Week 16: Theories of Developmental Psychology Flashcards
Piaget’s Theory of Cognitive Development
Believed that children thought differently then adults and that all children experienced similar obstacles in terms of cognitive development. Instead of one long continuous process of learning Piaget proposed that there are 4 distinct stages of development and once a child masters that particulater stage they can move to next stage.
Schema steps
Assimilate- incorporate new ideas to our Schema that don’t need to be revised in anyway
Accommodate - incorporate ideas into our Schema that aren’t representative of the Schema so we have to reevaluate the parameters or believe it’s an exception
Equilibrate - reaches a point where we have made encountered so much information that does not directly fit into our Schema that it no longer holds true we must form an entirely new schemata.
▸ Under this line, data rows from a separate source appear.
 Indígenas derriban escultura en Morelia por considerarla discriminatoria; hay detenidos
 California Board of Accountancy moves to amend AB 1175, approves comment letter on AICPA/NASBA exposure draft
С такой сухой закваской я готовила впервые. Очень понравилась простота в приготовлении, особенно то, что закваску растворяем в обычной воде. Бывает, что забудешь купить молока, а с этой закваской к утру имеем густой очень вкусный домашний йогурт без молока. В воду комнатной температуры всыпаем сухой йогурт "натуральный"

It will be more sophisticated and less vulnerable to contradiction.
Sensorimotor stage
0-2 years
Under 8 months have no concept of object permanence (significant milestone)
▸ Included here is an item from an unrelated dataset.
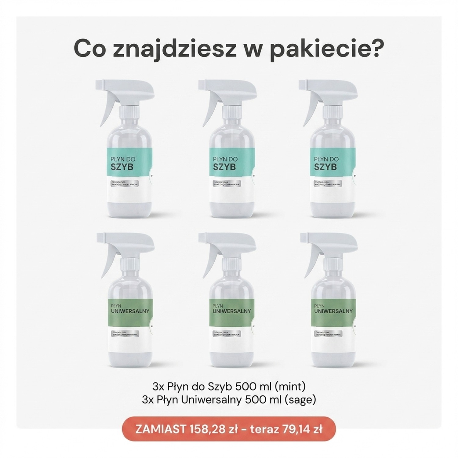 W pakiecie otrzymujesz 3 butelki Płynu do Szyb (mint 500 ml) do okien, luster i ekranów oraz 3 butelki Płynu Uniwersalnego (sage 500 ml) do blatów, kuchni, podłóg i stołów. Łącznie 3 litry nanotechnologicznej czystości - wystarczy na wiosnę, lato i początek jesieni.

Direct interactions with environment touching sensing and moving allows infants to interact with the world.
Preoperational stage
2-7 years
Cognitive thinking shows in Pretend play and start to use symbols and drawings to express ideas. Egocentric and can not apply reverse mental processes. The significant developmental milestone is problems with conservation.
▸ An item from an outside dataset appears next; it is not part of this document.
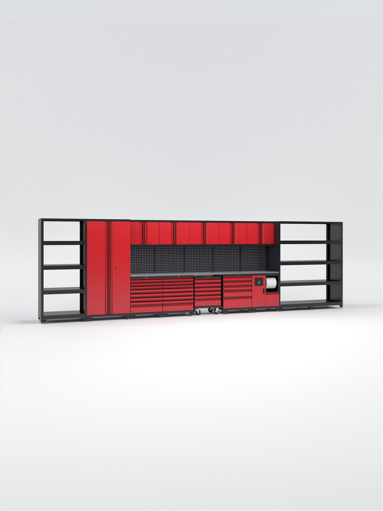 Garageinredning med 13 delar – set 1, Black edition – Röd, PRO

Concrete operational stage
7-11 years
Children understand conservation. They can carry out mathematical operations and reverse processes. Physically present objects but hard to imagine mental transformations from hypothetical objects.
Formal operational Stage
12+
Capacity for abstract thoughts and hypothetical thinking develops. Reasoning and scientific thinking is possible.
Why Piaget doesn’t work
- doesn’t account for variability in children some children show understanding of conservation earlier than the age shown
- cognitive capacities of children is much greater than piaget thought ex: Baillergeon showed object permanence in children 3.5 months
- emphasizes the physical world more than the social environment
Vygotsky
- Cognitive Development theory = sociocultural theory
- emphasis on the environment and cultural social influences
Intersubjectivity
An understanding between 2 individuals that lets them effectively communicate about the same topic.
Social referencing
The tendency to look to another person for clarification in situations of ambiguity.
Joint attention
The ability to share attention with another about the same object
Social scaffolding
The process of learning with guidance from someone more knowledgable who can help you reach a greater potential than otherwise would have achieved.
Zone of proximal development
An area that contains skills that are not too easy or too difficult to be achieved (resulting in boredom or frustration) but skills that are just out of reach that are achievable with social scaffolding.
Speech and language (Piaget vs Vygotsky)
When children in the preppie rational stage use self-talk piaget would argue they are egocentric and do not see how speech is communicative with others.
Vygotsky would say this is a form of self declaration/mental progression/ way to internalize the linguistic processes until it is mastered.